- Directed by: Ronwaldo Reyes
- Screenplay by: Manny R. Buising
- Story by: Pablo S. Gomez
- Produced by: Eric Cuatico
- Starring: Fernando Poe Jr.; Dina Bonnevie; Roi Vinzon;
- Cinematography: Sergio Lobo
- Edited by: Augusto Salvador
- Music by: Jaime Fabregas
- Production companies: Maverick Films FPJ Productions
- Distributed by: Maverick Films
- Release date: February 27, 2002;
- Running time: 102 minutes
- Country: Philippines
- Language: Filipino

= Batas ng Lansangan =

2002 action film by Ronwaldo Reyes

Batas ng Lansangan (transl. Law of the Street) is a 2002 Philippine action film directed by Fernando Poe Jr. under the moniker Ronwaldo Reyes. The film stars Poe in the title role, Dina Bonnevie and Roi Vinzon.

==Plot==
In rural Northern Luzon, a local gang conducts a massive jailbreak; ex-cop and Philippine Army Major Ruben Medrano leads his elite anti-kidnapping force to round up the escapees, but in the process, shoots some civilians mocking him. Medrano is called back to his hometown of Manila and suspended from the army.

Medrano, still with service pistol, takes up residence with his older brother Ramon, who informs him that the neighborhood police captain who replaced Ruben has been allowing heroin addiction to spike. Ramon suspects he leads a crime syndicate with the barangay captain Lucero, who runs the local slaughterhouse complex, as well as Montenegro, an elderly steel plant owner who shot and killed Ruben's wife Alicia years ago (after Ruben had refused to punish his business rivals), and Montenegro's employee Carlos, a stoic hitman.

Ruben meets with his younger brother, Father Roland, and sister-in-law Mariel, who is raising his estranged teenage daughter Marissa. His efforts to bond with them lead to mixed results, though Mariel remembers anew that she was in love with Ruben before he married Alicia.

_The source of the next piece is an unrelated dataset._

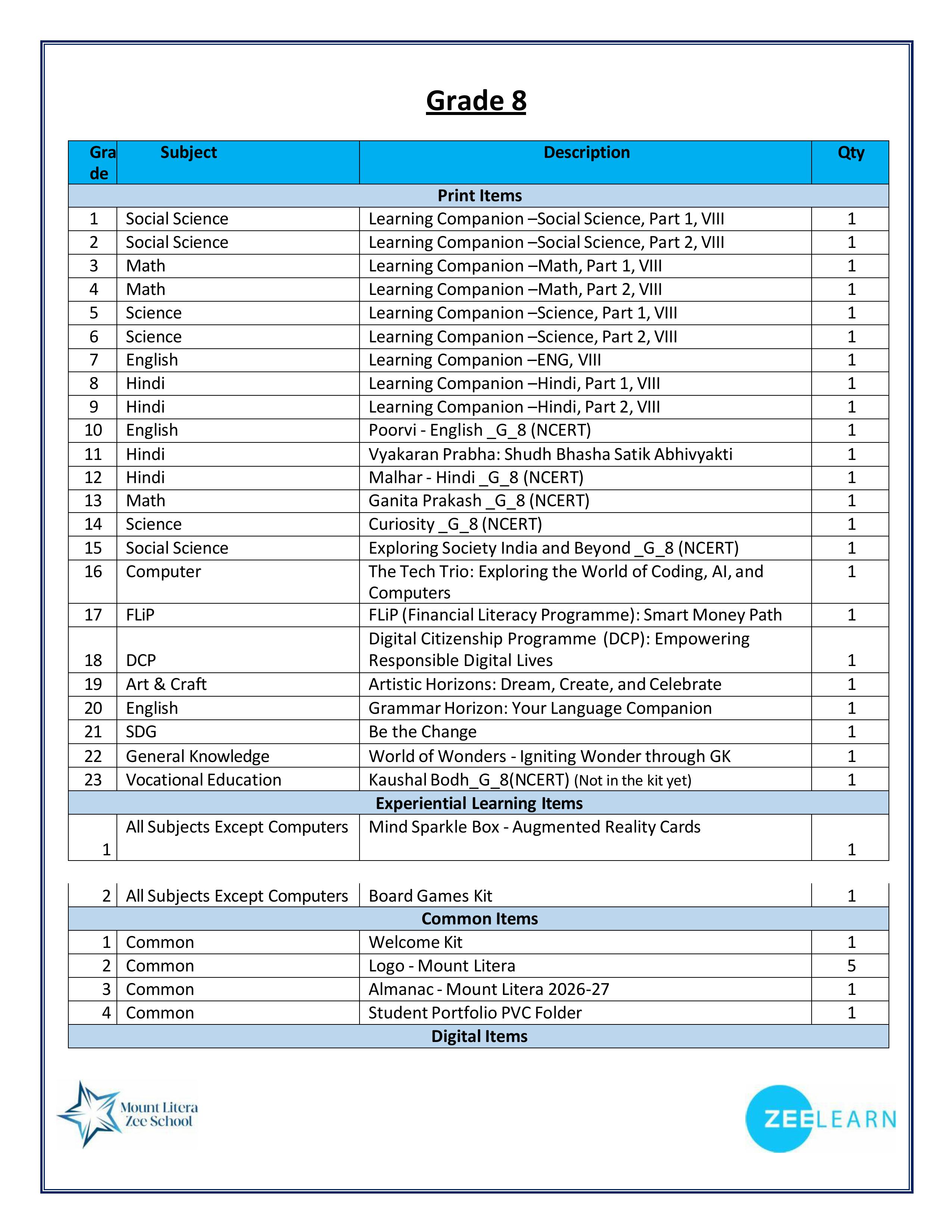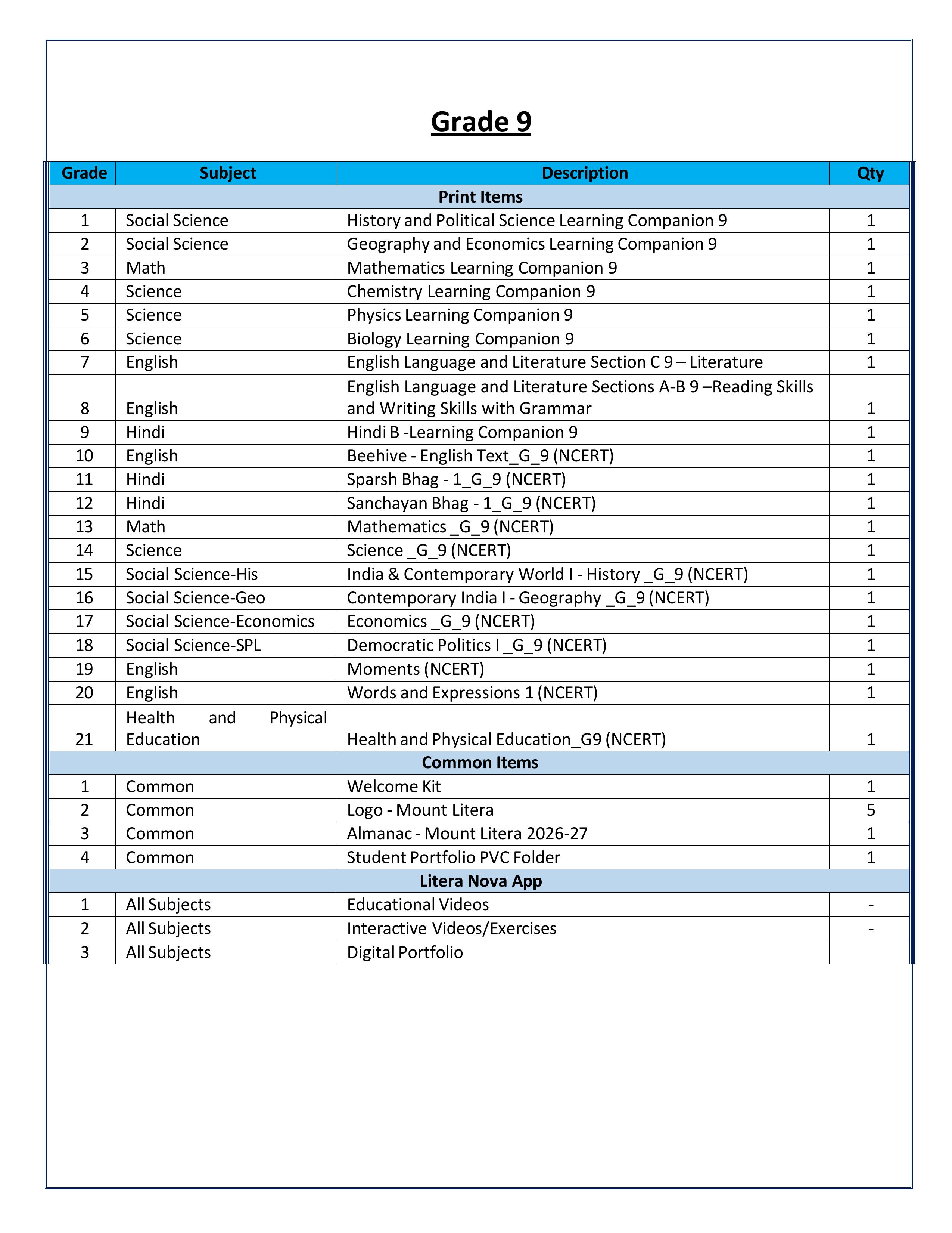 | 8 | BOOK LIST NURSERY TO XII | View Document |

Ruben and Ramon set off to confront Lucero, having an awkward but friendly meeting with the police captain in the meantime. Ruben defeats Lucero in a fistfight beside the slaughterhouse, then warns him to stay out of his way before leaving. After a few hours, Ramon's wife Ester takes Ruben to Lucero's house. Ruben vaguely offers to let Lucero cooperate with him.

Ruben infiltrates Lucero's heroin den, where he shoots and kills much of the crime syndicate's personnel. He finds a scared street urchin named Jaq and takes her to Roland's church for basic treatment, where they find she is the victim of physical abuse. Ruben finds the abuser at a family funeral and beats him up, knocking over the casket.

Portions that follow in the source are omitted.